Maurico Claver-Carone, a Washington lawyer who runs Cuba Democracy Advocates and supports U.S. sanctions against the communist regime, told Reuters the greeting was “unfortunate, but unavoidable and inconsequential.”

Peter Kornbluh, director of the National Security Archive’s Cuba documentation project, gave the widely filmed handshake — the first of its kind since Bill Clinton shook hands with Fidel Castro in 2000 — more importance, calling it a “historical, game-changing” moment.

“The handshake is a timely symbol which only accelerates on both sides the hope for some type of agreement and reconciliation — not only for Alan Gross but other issues that push U.S.-Cuban relations forward,” he said. “Nelson Mandela’s legacy hangs over the imagery of those two leaders pressing the flesh.
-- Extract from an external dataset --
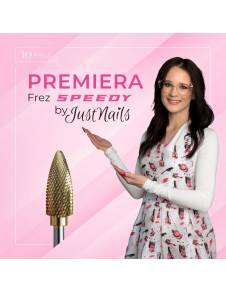 Den innovative Speedy-freseren er en karbidfreser dekket med et spesielt gullbelegg. ZRN-belegget forlenger freserens levetid og reduserer effekten av overoppheting under arbeid. I tillegg ble freseren laget for å få stylister til å glemme slitsomt og tidkrevende arbeid. Den takler enhver utfordring på et blunk. Spesielle kutt sikrer rask og sikker fjerning av massen.

It would have been inconceivable for them to pass up such an opportunity.”

Added Julia Sweig, director for Latin America studies at the New York-based Council on Relations, in an interview with Reuters: “Perhaps the American and Cuban presidents grasp, with this handshake, that the work they have to do together is far easier than South Africa’s struggle against apartheid.”

The greeting follows by exactly a week a declaration by Cuba’s Ministry of Foreign Affairs that links — in unprecedented detail — the release of Gross, 64, with the case of five Cuban nationals arrested in 1998 and charged with spying against the United States. Three years later, they were sentenced to long terms at federal prisons in Arizona, California, Kentucky and Florida. One of the five, Rene Gonzalez, was released in October 2011 and allowed to return to Cuba this past April.
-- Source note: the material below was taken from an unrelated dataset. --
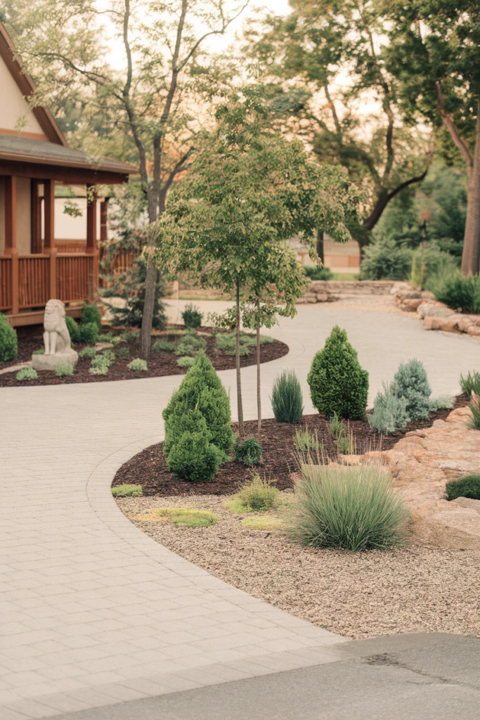 A stone walkway is a timeless element in many front yard landscaping ideas because it naturally guides visitors toward the entrance. Materials like flagstone or modern pavers create structure while adding texture to the yard.

Judy Gross reads a letter from her husband Alan to President Obama at a Dec. 4 rally in Washington's Lafayette Park to urge his release from a Cuban jail. at right is Ronald Halber, executive director of the Rockville-based Jewish Community Relations Council.
Judy Gross reads a letter from her husband Alan to President Obama at a Dec. 4 rally in Washington’s Lafayette Park to urge his release from a Cuban jail. at right is Ronald Halber, executive director of the Rockville-based Jewish Community Relations Council.

Josefina Vidal Ferreiro, the ministry’s director-general for North American affairs, said “the Cuban government reiterates its willingness to establish an immediate dialogue with the U.S. government in order to find a solution to the case of Mr. Gross on a reciprocal basis, which respects the humanitarian concerns of Cuba related to the case of the four Cuban anti-terrorist heroes” who remain incarcerated in U.S. prisons.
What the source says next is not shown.